Large-area graphene films have substantial potential for use as next-generation electrodes because of their good chemical stability, high flexibility, excellent carrier mobility, and lightweight structure. However, various issues remain unsolved. In particular, high-density carrier doping within a short time by a simple method, and air stability of doped graphene films, are highly desirable. Here, we demonstrate a solution-based high-density (>10¹⁴ cm⁻²) hole doping approach that promises to push the performance limit of graphene films. The reaction of graphene films with a tetrakis(pentafluorophenyl)borate salt, containing a two-coordinate boron cation, achieves doping within an extremely short time (4 s), and the doped graphene films are air stable for at least 31 days. X-ray photoelectron spectroscopy reveals that the graphene films are covered by the chemically stable anions, resulting in an improved stability in air. Moreover, the doping reduces the transmittance by only 0.44 ± 0.23%. The simplicity of the doping process offers a viable route to the large-scale production of functional graphene electrodes.

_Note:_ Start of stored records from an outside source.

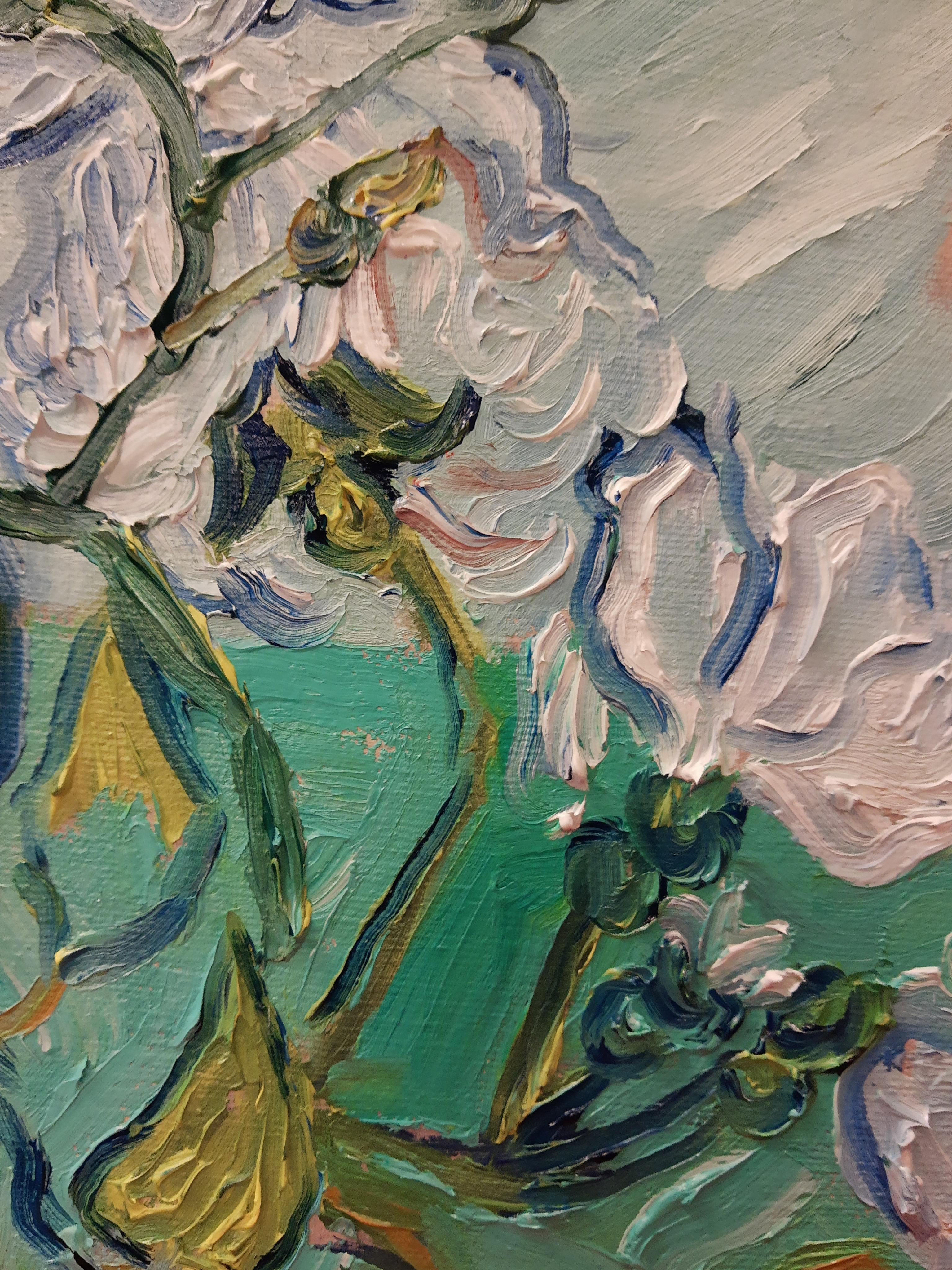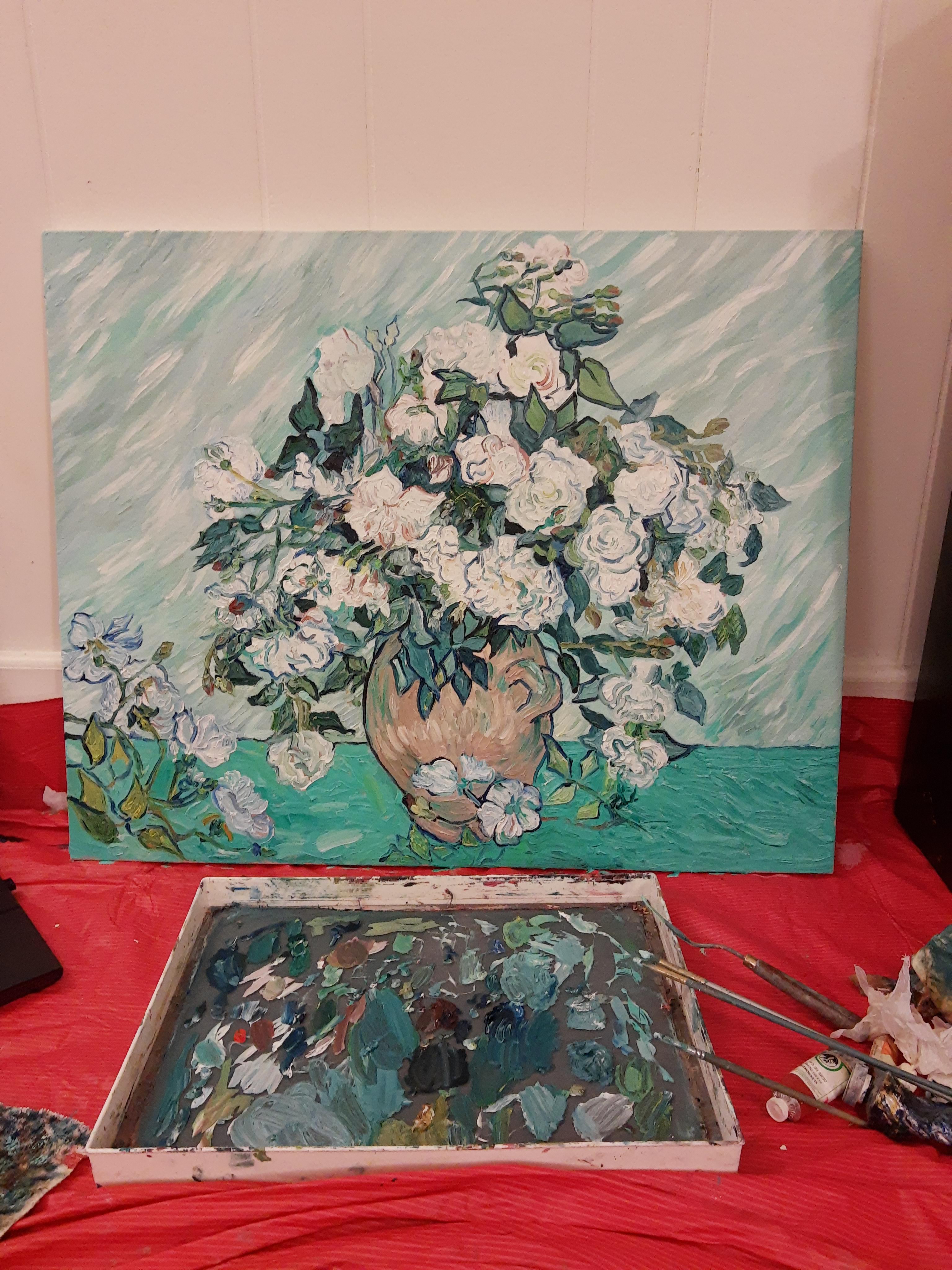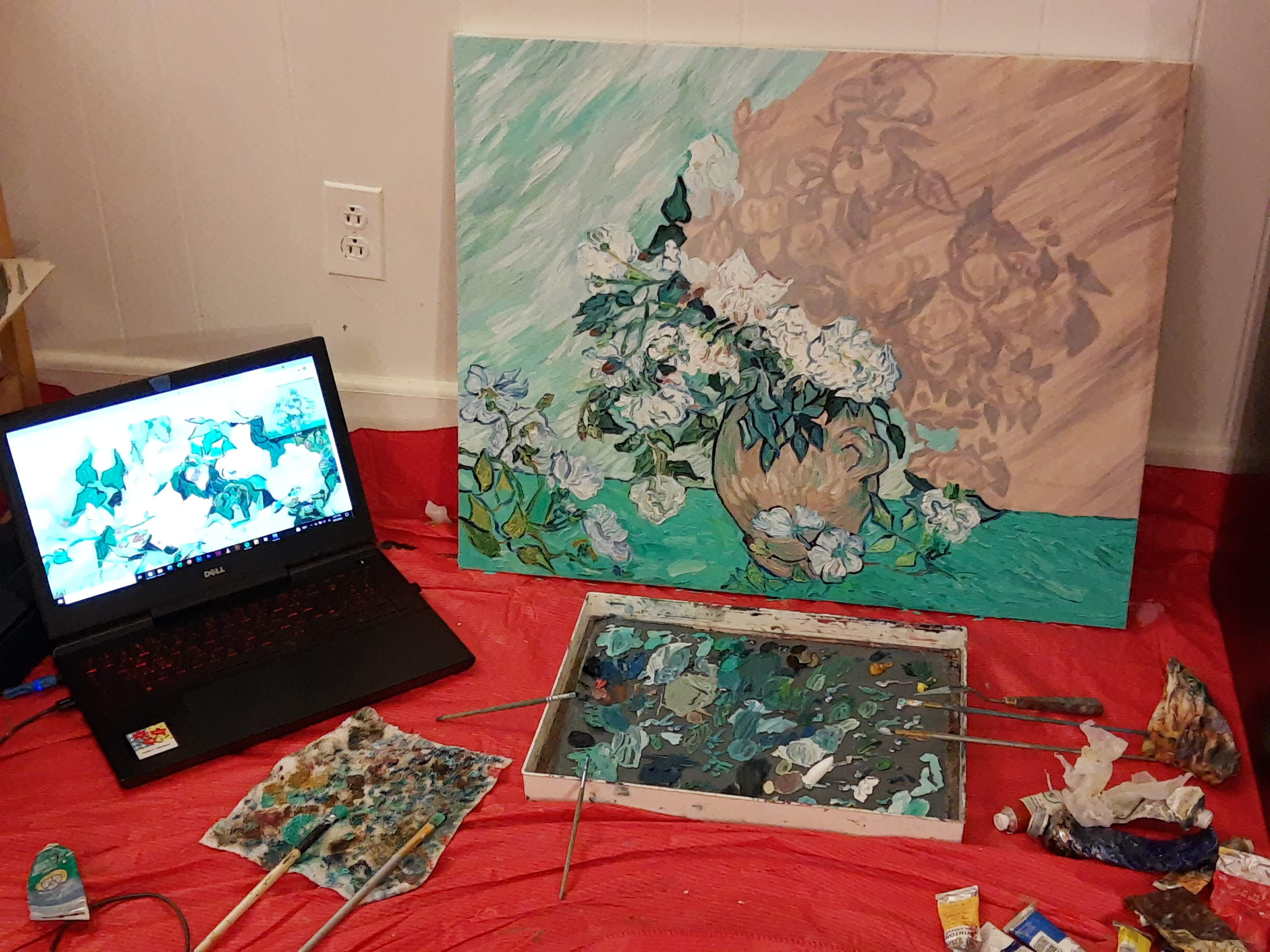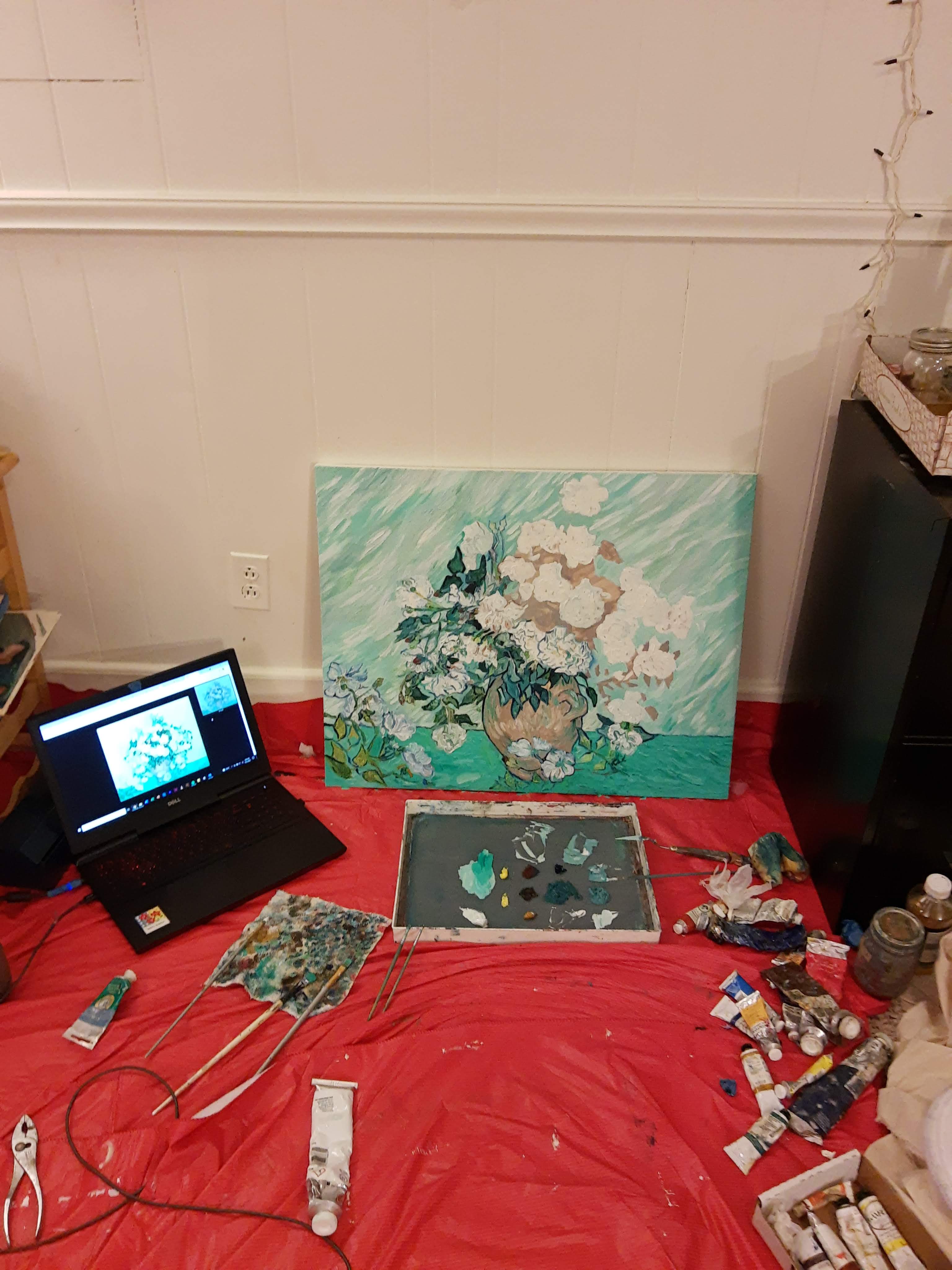 In the painting studio, students painted on a large piece of paper and also experimented with painting marks on smaller papers.
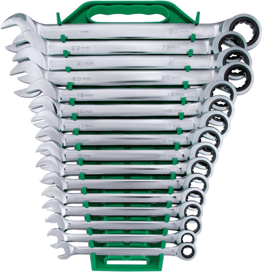 13 ? Chaves Combinadas com Catraca: 1/4 - 5/16 - 3/8 - 7/16 - 1/2 - 9/16 - 5/8 - 11/16 - 3/4 - 13/16 - 7/8 - 15/16 - 1
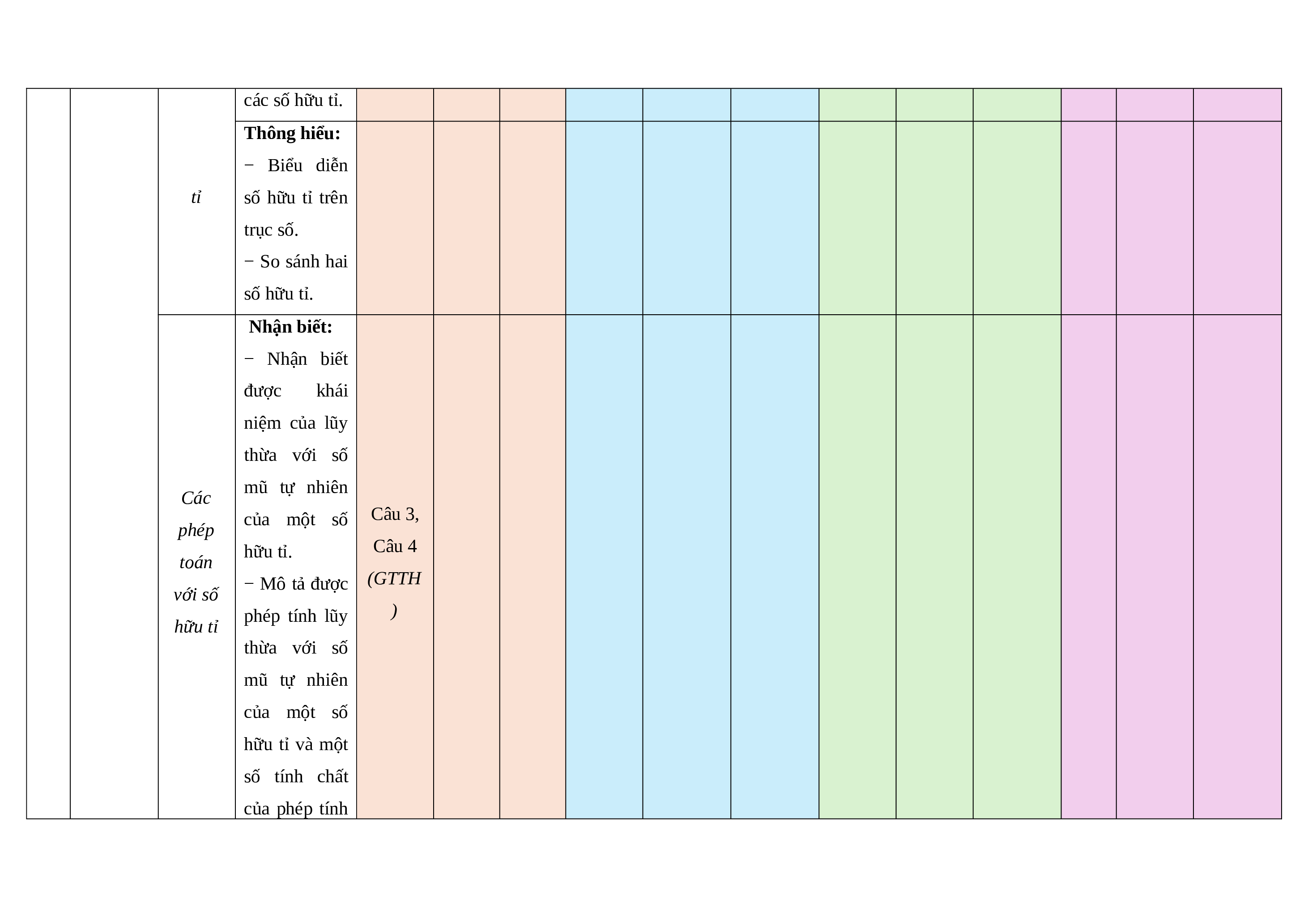 số hữu trong tập hợp  các số hữu tỉ. Thông hiểu: − Biểu diễn  tỉ số hữu tỉ trên  trục số. − So sánh hai  số hữu tỉ.  Nhận biết: − Nhận biết  được khái  niệm của lũy  thừa với số  mũ tự nhiên  Các  của một số Câu 3, phép  hữu tỉ. Câu 4 toán

大面积石墨烯薄膜具有良好的化学稳定性，高柔韧性，出色的载流子迁移率和轻质结构，因此具有用作下一代电极的巨大潜力。但是，各种问题仍未解决。特别地，非常需要通过简单的方法在短时间内进行高密度载流子掺杂以及掺杂的石墨烯膜的空气稳定性。在这里，我们展示了基于解决方案的高密度（> 10 ¹⁴  cm ^-2）空穴掺杂方法，有望突破石墨烯薄膜的性能极限。石墨烯薄膜与含有两个配位硼阳离子的四（五氟苯基）硼酸盐的反应，可在极短的时间内（4 s）达到掺杂，并且掺杂的石墨烯薄膜在空气中稳定至少31天。X射线光电子能谱显示，石墨烯薄膜被化学稳定的阴离子所覆盖，从而改善了空气的稳定性。而且，掺杂仅使透射率降低0.44±0.23％。掺杂工艺的简单性为大规模生产功能性石墨烯电极提供了一条可行的途径。